- Goal of the exercise
Set down a faithful copy of every record, and skip the pictures in it.

(Excerpts from a dataset)
━━━━━━━━━━━━━━━━
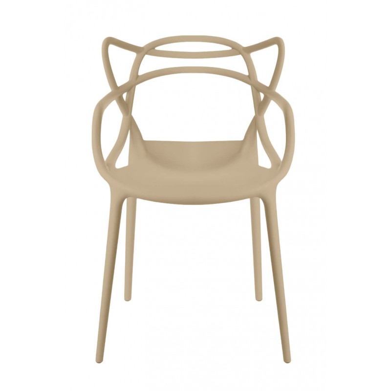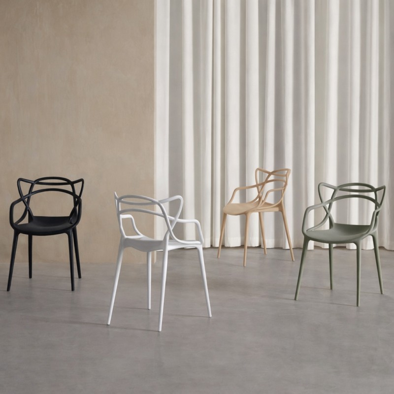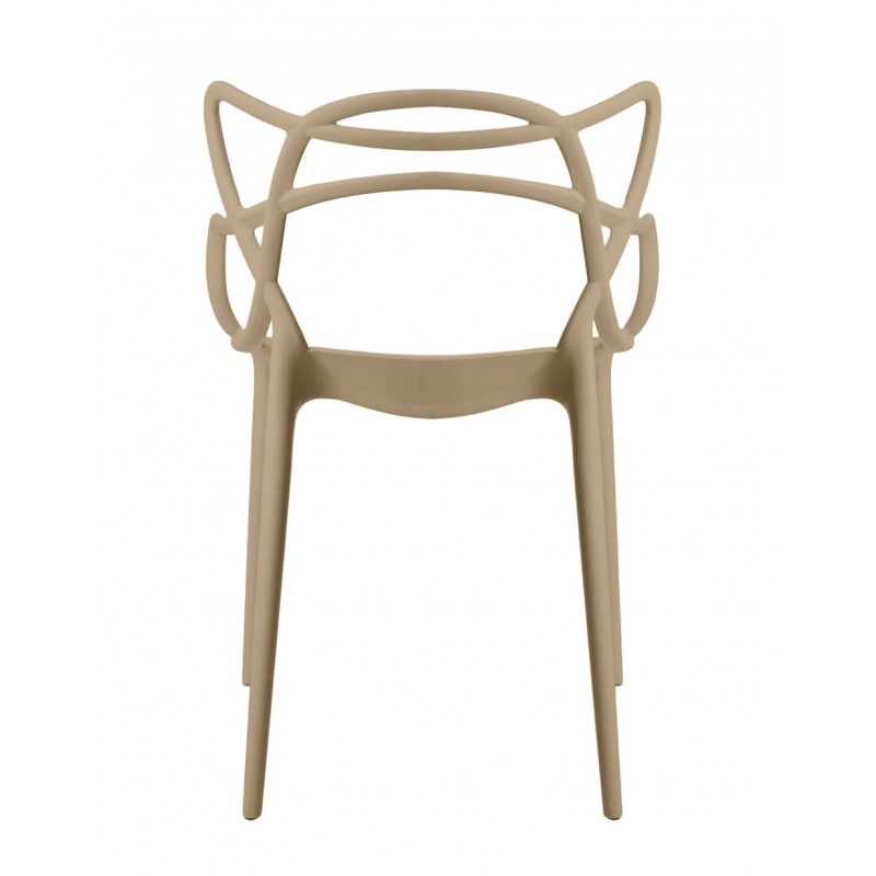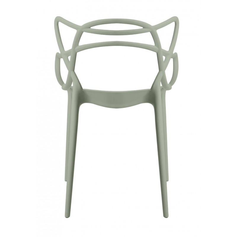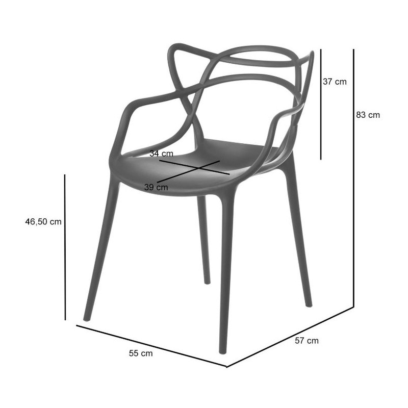 El diseño curvado y entrelazado del respaldo aporta identidad visual y encaja en ambientes modernos, minimalistas y contemporáneos. La estructura en polipropileno resistente ofrece ligereza (4,50 kg) y facilita su limpieza diaria, manteniendo un uso cómodo gracias a su respaldo ergonómico y brazos integrados.
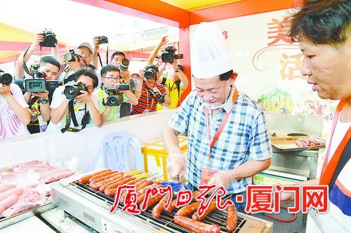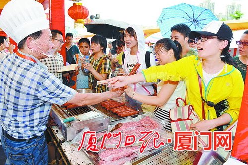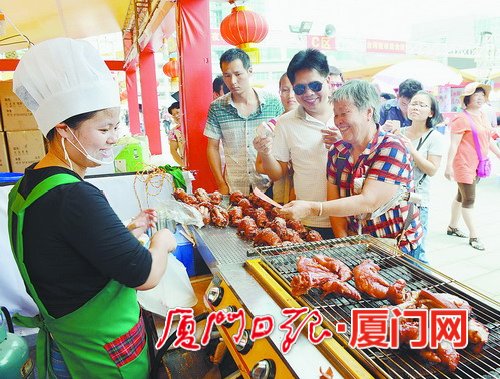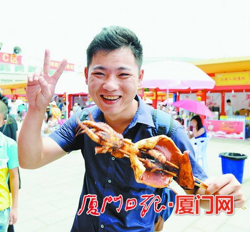 “前兩屆廟會我們都來參加,品嘗了許多‘古早味’臺灣美食。今年的廟會又帶來了更多的驚喜。”來自島內(nèi)的市民林先生一邊啃著萬鸞醬烤豬腳,一邊對記者說。放眼望去,整個海滄市民文化廣場熙熙攘攘,成了一片歡樂的海洋。
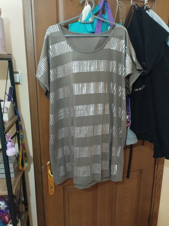 Kısa kollu, yuvarlak yakalı, gri baskılı desenli, salaş kesim kadın tişörtü. Rahat sentetik kumaştan, günlük sokak stili için ideal. ✨ 52/54
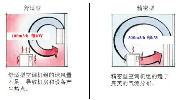 傳統(tǒng)的舒適性空調(diào)主要是針對(duì)于人員設(shè)計(jì),送風(fēng)量小,送風(fēng)焓差大,降溫和除濕同時(shí)進(jìn)行;而機(jī)房?jī)?nèi)顯熱量占全部熱量的90%以上;風(fēng)速低,機(jī)房冷卻不均勻;不能滿足計(jì)算機(jī)的凈化要求;不配備加濕系統(tǒng),難滿足可靠性要求。
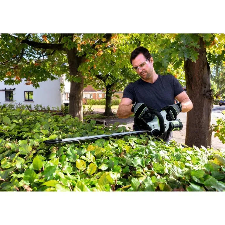 EGO HT2410E on 56 V:n pensasleikkuri, jossa on 61 cm pitkä laserleikatuilla ja timanttihiotuilla yksipuolisilla terillä varustettu teräosa ja tehokas hiiliharjaton moottori, joka pitää tämän yleiskäyttöisen mallin EGOn pensasleikkurien huippuluokassa.
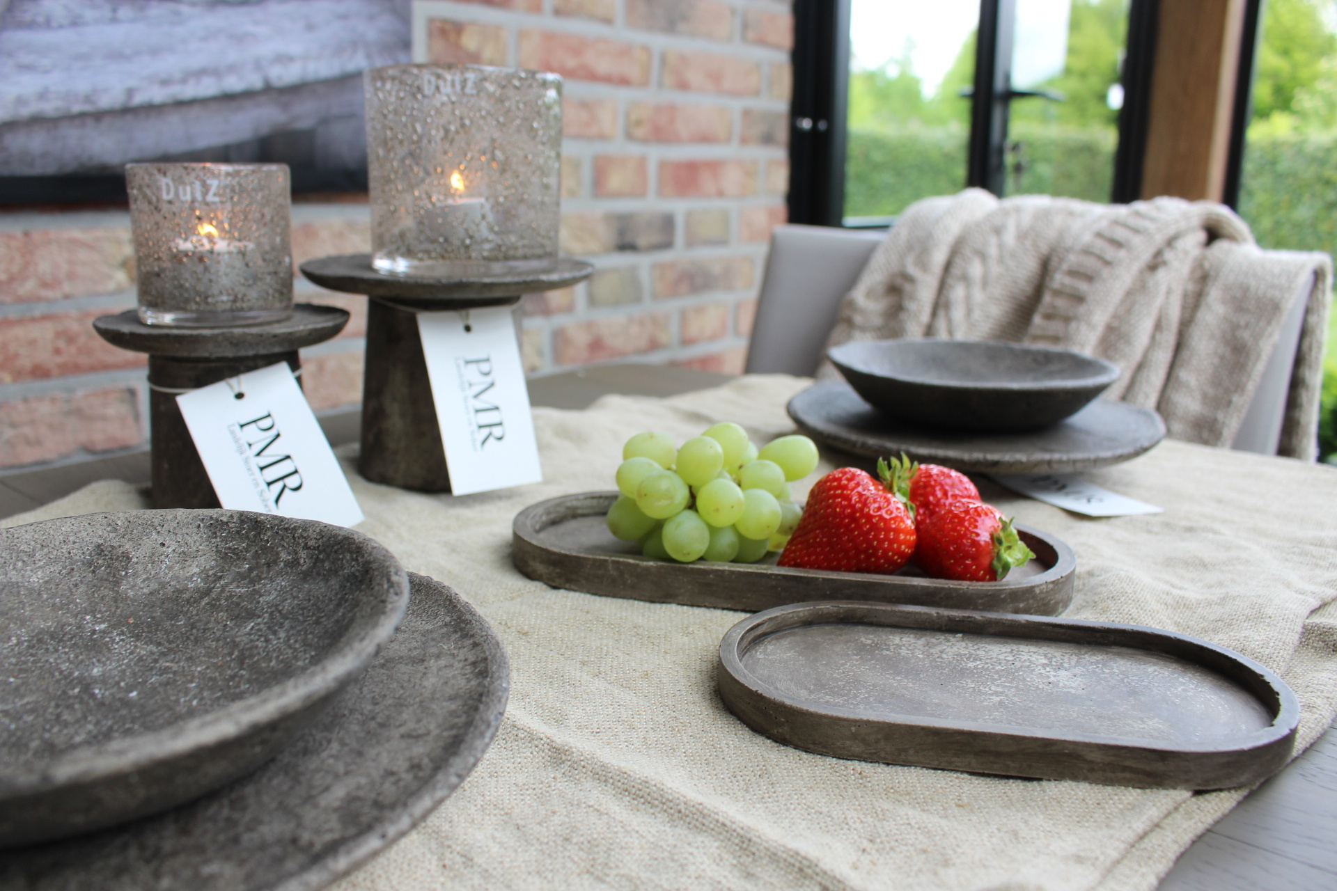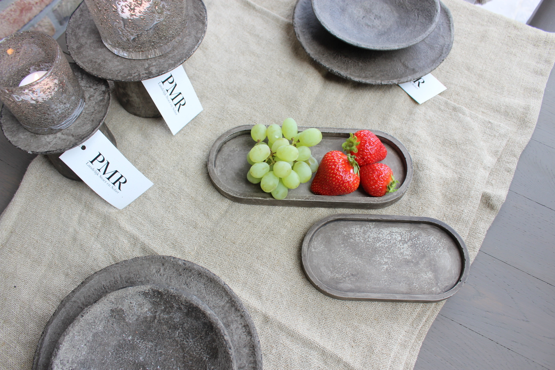 PMR ovale betonnen schaal. Handig om een kopje koffie, bonbons of wat fruit op te serveren. De schaal is 23 cm lang.
━━━━━━━━━━━━━━━━
- Task result
 El diseño curvado y entrelazado del respaldo aporta identidad visual y encaja en ambientes modernos, minimalistas y contemporáneos. La estructura en polipropileno resistente ofrece ligereza (4,50 kg) y facilita su limpieza diaria, manteniendo un uso cómodo gracias a su respaldo ergonómico y brazos integrados.
 “前兩屆廟會我們都來參加,品嘗了許多‘古早味’臺灣美食。今年的廟會又帶來了更多的驚喜。”來自島內(nèi)的市民林先生一邊啃著萬鸞醬烤豬腳,一邊對記者說。放眼望去,整個海滄市民文化廣場熙熙攘攘,成了一片歡樂的海洋。
 Kısa kollu, yuvarlak yakalı, gri baskılı desenli, salaş kesim kadın tişörtü. Rahat sentetik kumaştan, günlük sokak stili için ideal. ✨ 52/54
 傳統(tǒng)的舒適性空調(diào)主要是針對(duì)于人員設(shè)計(jì),送風(fēng)量小,送風(fēng)焓差大,降溫和除濕同時(shí)進(jìn)行;而機(jī)房?jī)?nèi)顯熱量占全部熱量的90%以上;風(fēng)速低,機(jī)房冷卻不均勻;不能滿足計(jì)算機(jī)的凈化要求;不配備加濕系統(tǒng),難滿足可靠性要求。
 EGO HT2410E on 56 V:n pensasleikkuri, jossa on 61 cm pitkä laserleikatuilla ja timanttihiotuilla yksipuolisilla terillä varustettu teräosa ja tehokas hiiliharjaton moottori, joka pitää tämän yleiskäyttöisen mallin EGOn pensasleikkurien huippuluokassa.
 PMR ovale betonnen schaal. Handig om een kopje koffie, bonbons of wat fruit op te serveren. De schaal is 23 cm lang.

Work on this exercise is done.